No pay is good enough.
OH Heck no!!!!
i got dizzy just watching the video!!!
I would have the opposite problem. ;-)
That was a show called “World’s Toughest Fixes” on National Geographic channel, I think. I remember watching that one and it was quite dizzying at times.
Hell, from around 1,700 feet, you’d have enough time to repent, and might even be able to make a phone call or two on the way down. lol
I spent part of 3 weekends working on a Ham radio installation on a commercial tower in OK. We replaced the heliax from the 650 ft. point to the 1,350 ft. point. There were 4 of us on the tower and a ground crew. It went very smooth, but is hard work. Incredible view, amazing temperature drop as you get higher. Feel very good when the day is safely over.
There are real engineering challenges when you have in this case 1,350 feet of heliax and the accompanied temperature differential from top to bottom. Without inert gas you get condensation and it wreaks havoc with the connectors and conductors. I have seen water drip out of the connectors.
Probably will not climb many more towers, turn 63 next month.
But I may put up another for my self next year.

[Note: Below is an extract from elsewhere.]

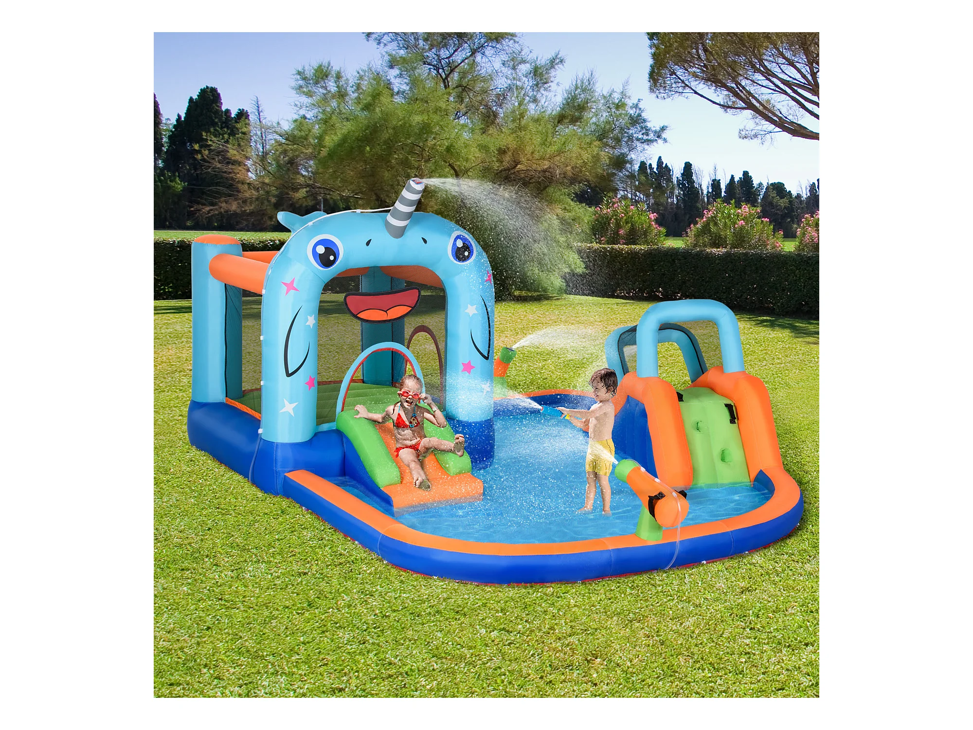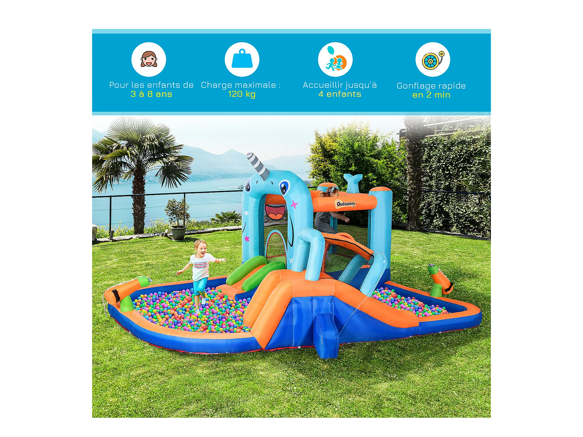 Château gonflable enfant - trampoline, toboggans, piscine, mur d'escalade, panier, pistolets eau, gonfleur, sac transport - polyester multicolore

My personal station needs updating.
They use a Gin Pole to assemble the towers that are taller than a crane will allow.
I have been at 1,350 ft. on a 1,550 structure. The station was in operation during our work. Glad we were not closer to the Commercial antenna array. (field density)
I got a little queasy just watching it. Half the time the dude doesn’t have his harness hooked up because there is nothing to hook to. Unbelievable.
You would think a harness and a helicopter would be more efficient with all that climbing up and down.
These guys rode up an elevator to 1600' then only had to climb the last 100'. Easy money.
I hope he was not also the designer of that tower...
I showed it to my 15yo son - he said watching that was worse than watching a zombie movie - and he hates zombie movies.
Yes! I worked in broadcasting for years so this is fascinating to me. What design ingenuity!
LOL! Sorry
I have a feeling this job has a high turn over rate. Not by choice of course..
They probably think it cost too much to do that. In other words your life is not worth that much. Since it’s in Houston, Texas my bet is they have some “Day Laborers” going up there for $5 an hour.
Backing down...would be a another thing.
Heck...I've hunted tree stands 30-35' up and I don't like coming down. Ha!!